Repeat what the lines below say, word for word, and skip every image.

Top of Available data

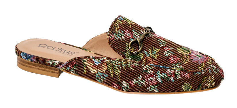 Step into luxury with Corky's Rust Floral Mules. Featuring a matte gold chain accent, these loafers add an elegant touch to any outfit. With their ultimate comfort and versatile style, they're a must-have for any fashionista!
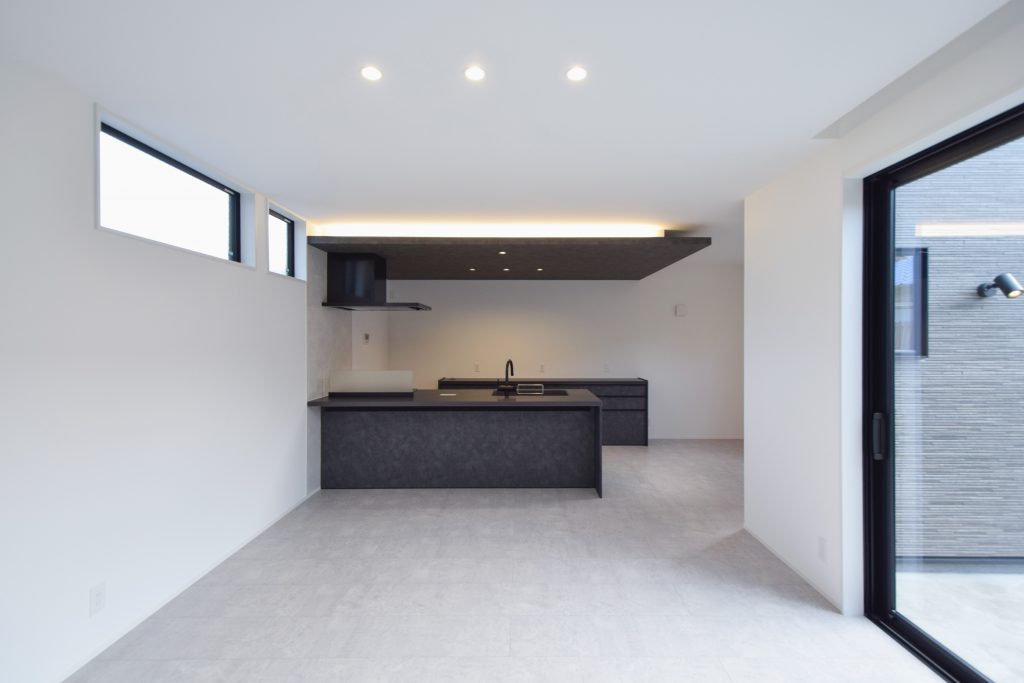 1階床は素材感のあるクレイ調のフローリングを採用。ダークトーンカラーで統一した建具やキッチンがアクセントに、ホテルライクな雰囲気に仕上がりました。
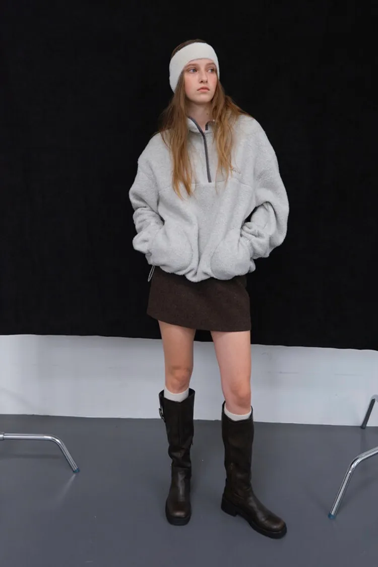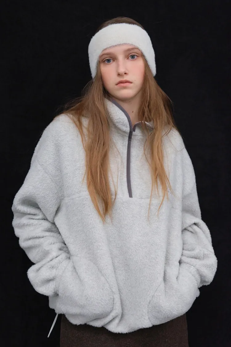 II257-小眾品牌款-圓領片撞色設計搖粒絨上衣
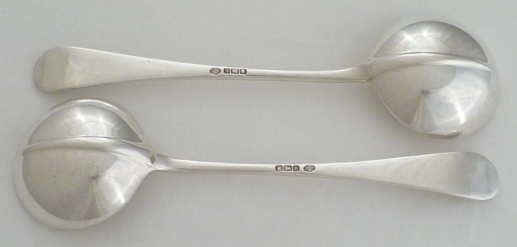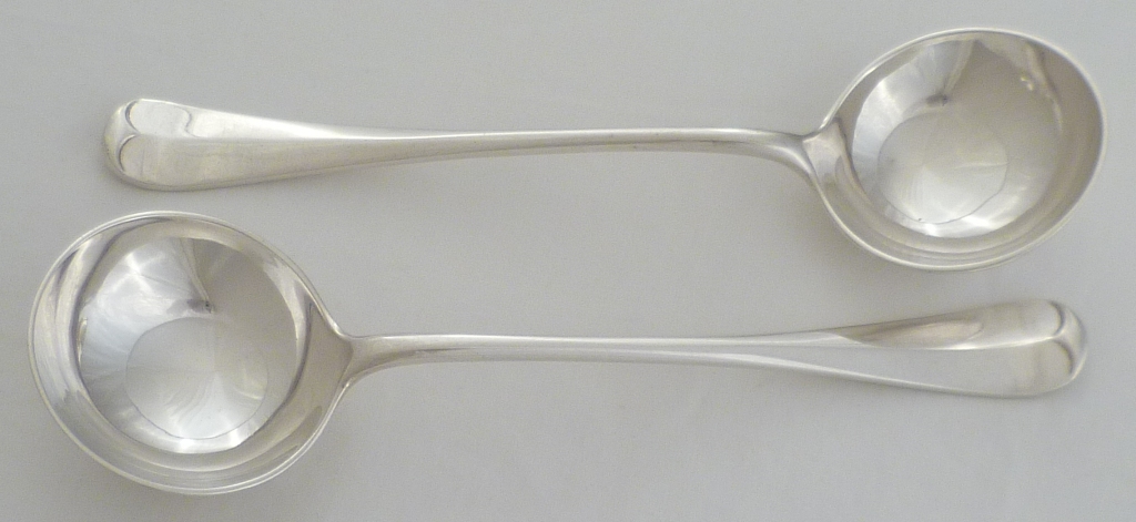 DESCRIPTION | Superb pair of heavy silver round bowled Hanoverian with long rat tail pattern sauce ladles with no engravings or erasures. Would also work as luxurious soup spoons. |

Bottom of Available data

__Result__.
 Step into luxury with Corky's Rust Floral Mules. Featuring a matte gold chain accent, these loafers add an elegant touch to any outfit. With their ultimate comfort and versatile style, they're a must-have for any fashionista!
 1階床は素材感のあるクレイ調のフローリングを採用。ダークトーンカラーで統一した建具やキッチンがアクセントに、ホテルライクな雰囲気に仕上がりました。
 II257-小眾品牌款-圓領片撞色設計搖粒絨上衣
 DESCRIPTION | Superb pair of heavy silver round bowled Hanoverian with long rat tail pattern sauce ladles with no engravings or erasures. Would also work as luxurious soup spoons. |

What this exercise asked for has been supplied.